Fan Control Capability design debate

You are correct. I have corrected my post above.

Feels like it would be a very good idea for @mike.maxwell and @bravenel to take a comprehensive look at how the Fan Control Capability is implemented for all of the various Fan Devices supported by Hubitat. As long as it is consistent across all of the devices, the Apps will be happy.

They know the architecture the best, and probably have a design philosophy that they’d like to adhere to. I’d just like to see differences between physical fan controllers abstracted away from the Apps wherever possible and moved into the Drivers. Adding a few more commands to the Fan Controller Capability seems like a good idea, based on the above discussion.

Hubitat Team - any thoughts?

Yup, @bravenel and I are chatting about this.
The setSpeed( Number ) call in the KOF driver is an anomaly and isn't part of the capability, so this won't be added to the existing controllers.
We will be adding two commands to all the fan controllers (setNextSpeed() and setPreviousSpeed()) as well as app support for them, though not sure which apps will release in 2.1.0 with these updates.
These new setXXXSpeed() commands will cycle through the fan's internally implemented speed settings but in different directions.

3 Likes

Awesome! Can I make one suggestion? I think @ogiewon's suggested speedUp and speedDown are clearer than "next" and "previous", which are context-dependent--if I'm in the process of lowering the speed, the "next" speed would be slower than the current speed, though I'm sure the intended meaning is that "next" refers to a higher speed. Or maybe setHigherSpeed/setLowerSpeed.

Thanks Mike! If the new “setNextSpeed()” command reaches the end, will it loop around to “off”, then “Low”, etc... Or will it simply stop at “High”? Alternatively, the “looping feature” could be a User Preference. Doing so would allow the driver to emulate the typical “pull chain” behavior.

yeah, setSpeedUp and setSpeedDown do make more sense

both will loop, just in different directions

3 Likes

So setSpeedUp if on high will make it go to low or off? I'm not super thrilled about that at all...

That sounds a lot more like next or previous, like you mentioned originally...

Maybe I'm just anal, but up should not go down. A loop is a circle, no up or down in a circle.

I believe he is saying it will go from high to off and then low, medium,etc...like a pull chain as Dan mentioned.
In the other direction it would go from low to off, then high, medium, etc.

I understand that. But that is not up and down, that is previous and next.

Very poor design choice to use up and down wording on a looping function, in my opinion.

But whatever, the world will not end either way.

Gotcha, either way someone's gonna be unhappy I guess. I personally prefer the loop but I get why you might prefer a different setup.

I actually like it looping. I just think he should call the function something else that makes sense in the context of what it's actually doing.

A function called "up" should never make the device go "down". Just like "on" can't make something go "off", and "ok" can't make something "cancel".

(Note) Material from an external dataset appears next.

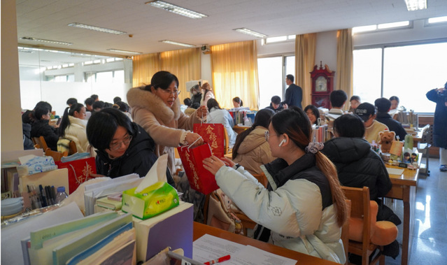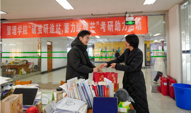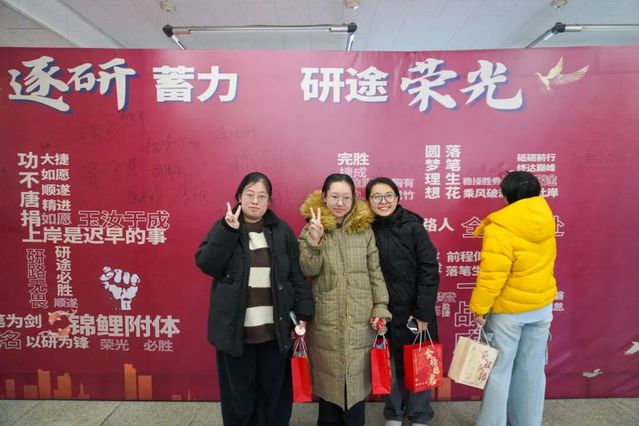 公司老师们化身“暖心派送员”,亲手将礼包递到每一位考研学子手中。老师们细心叮嘱备考注意事项,送上“一战成硕”的祝福,一句句“加油”的鼓励;一双双紧握的手;一份份并肩作战的底气,勾勒出寒冬中无比温情的画面。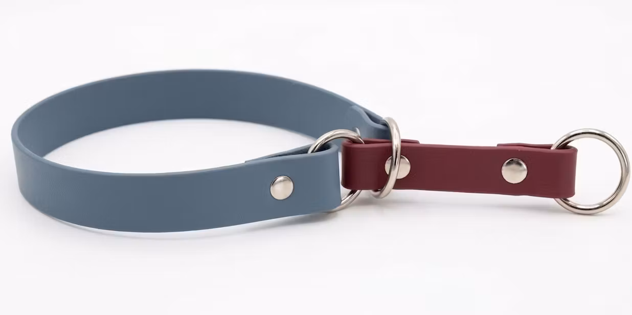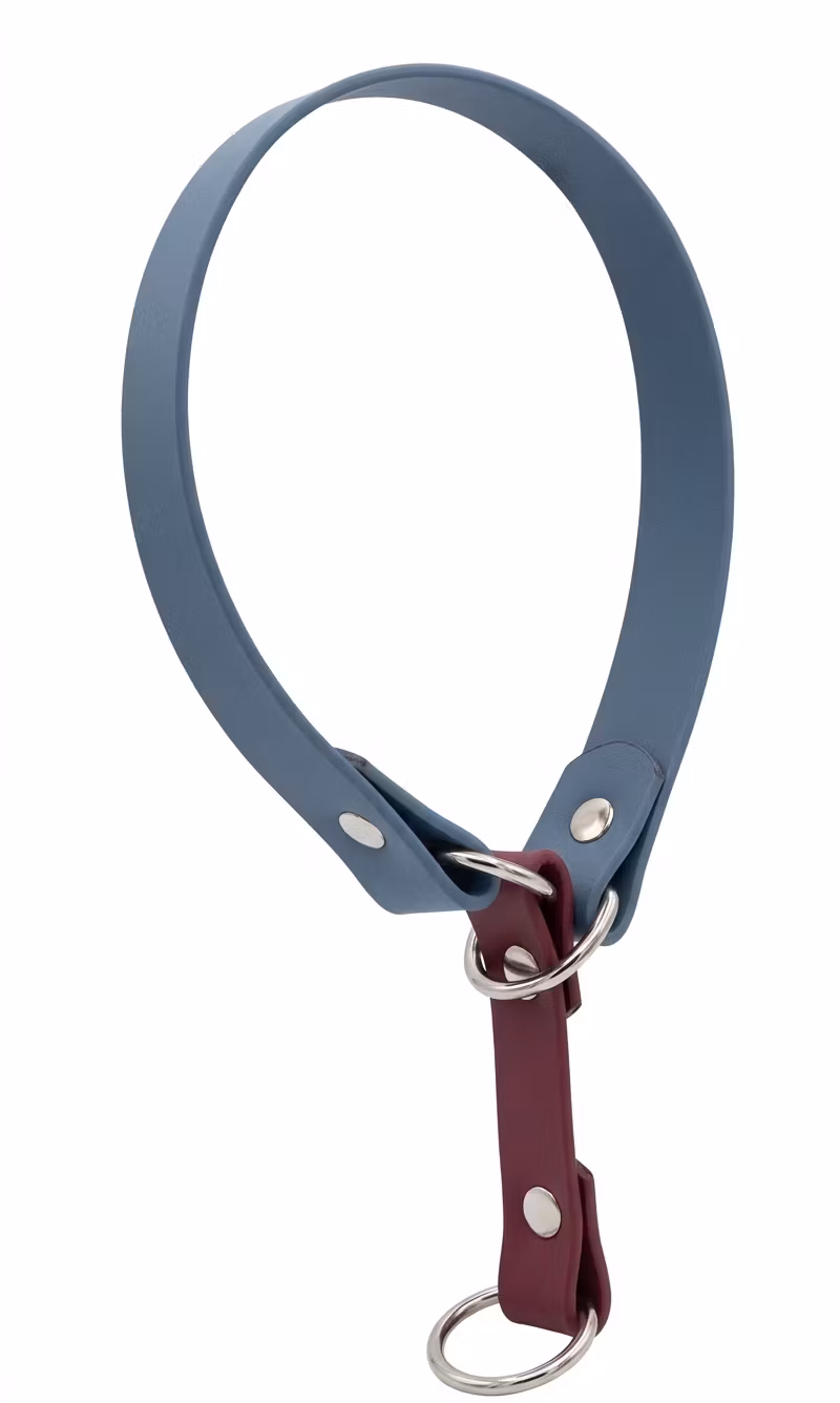 Halsband halvstryp i Biothane®. För 29kr kan du lägga till valfritt namntryck - det går också att montera en lasergraverad namnbricka i aluminium klicka här för att se våra modeller (köper du flera halsband och namnbrickor så ange i ett meddelande i kassan vilket halsband som ska ha vilken namnbricka).

How about cycleUp cycleDown?

I agree. If it's meant to cycle, calling it cycleUp is clearer. For my integration, I don't want the cycle behavior. I want "up" to raise the speed; if it's at the maximum speed, it should do nothing, just like trying to raise the volume level on a device that's already at the max. If it's going to cycle, then I have to write a more complex integration not to do that.

Maybe I'm missing the scenario that is driving everything towards cycling. I get trying to mimic a pull-chain if that's the goal--cycling is an elegant solution if you only have one control. But if I have on/off/up/down buttons, why would I want it to cycle? That's just unexpected behavior that seems anachronistic, like we're trying to make it behave like an old pull-chain out of nostalgia or something.

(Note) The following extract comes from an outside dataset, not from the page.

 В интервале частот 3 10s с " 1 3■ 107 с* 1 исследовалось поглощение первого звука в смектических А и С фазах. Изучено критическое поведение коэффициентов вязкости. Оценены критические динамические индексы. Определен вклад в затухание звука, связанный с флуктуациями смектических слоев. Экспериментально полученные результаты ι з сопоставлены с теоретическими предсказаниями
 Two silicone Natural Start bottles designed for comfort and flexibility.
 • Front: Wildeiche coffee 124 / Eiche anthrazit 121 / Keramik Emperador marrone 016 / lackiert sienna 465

Eh, if the cycling bothers me I'll just make a user driver for the fan anyway.

Regardless, I like more features, so don't want to complain too much. :slight_smile:

This.
If you only want to devote one button to a fan, this is the best solution. I have a pico that I use to control my bedroom lights. I do not want to use another button device so I assigned the middle button to control my ceiling fan. Cycle is the best for this scenario.

1 Like

I'm certainly not opposed to more features, I just am not sure why building a simple, clear command that works analogous to existing commands (volumeUp/volumeDown) is a bad thing. If supporting cycling is important to people, I have no problem with that! But that seems like an "advanced" command compared to simply going up or down a speed (or doing nothing if already at the min/max).

He should just make everyone happy and make a speed up and speed down that don't cycle, and a cycle speed function. Don't really need a cycle up down, just one cycle.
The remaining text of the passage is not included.